How many ARM chips does it take to simulate the human brain?

This is the question that Steve Furber, the main designer of ARM chip, is aiming to answer. Furber, the ICL Professor of Computer Engineering at University of Manchester, has estimated that a single ARM core can simulate around 1000 spiking neurons. In his project, dubbed SpiNNaker, looks to link ARM cores in a manner similar to that of the human brain.

ARM processors, a small yet powerful chip that runs on simple instructions in order to process tasks quickly, have been around in some form since the 1980s, and require relatively small amounts of processing power. These characteristics make the chip the ideal choice for the SpiNNaker project.
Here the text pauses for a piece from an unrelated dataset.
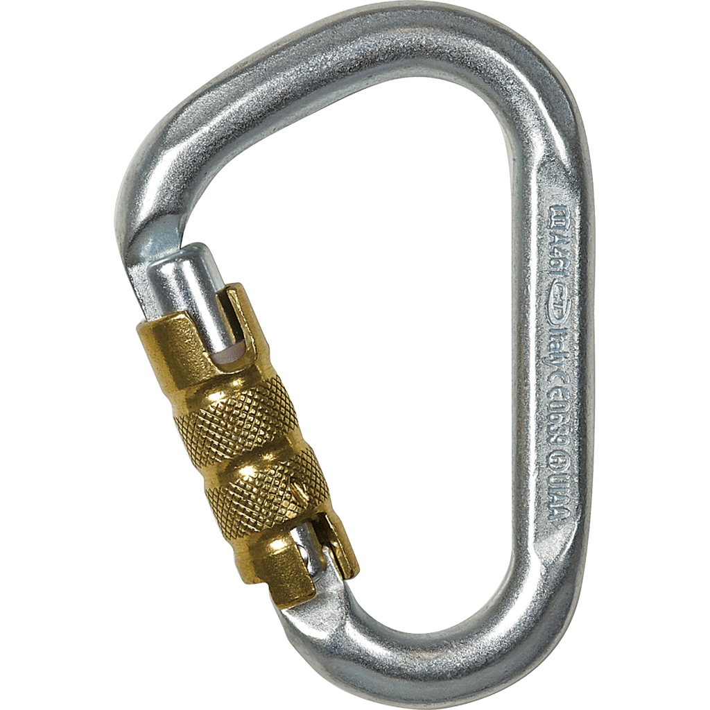 Zinc plated steel carabiner with triplex twist-lock gate, ideal for lowering, working at height, hauling and rescue maneuvers.

The project entails creating a supercomputer cluster with 1 million processors (each processor emulating 1000 neurons) for a total of 1 billion artificial neurons. That might sound like a lot, but it’s only a fraction of the estimated 80-90 billion neurons that the typical brain has. As the article states, this also depends on “how old they are, and how much drinking and brown acid they have done.”

By combining multi-core chips with a network of chips, researchers hope to create a scaled functional analog of the human brain. The brain is considered a massively parallel system, where large problems are split into smaller sections, and those sections are solved in parallel, or simultaneously. By using 20-core chips and assigning one of those cores to be the “control,” Furber hopes to emulate the processing style of the brain.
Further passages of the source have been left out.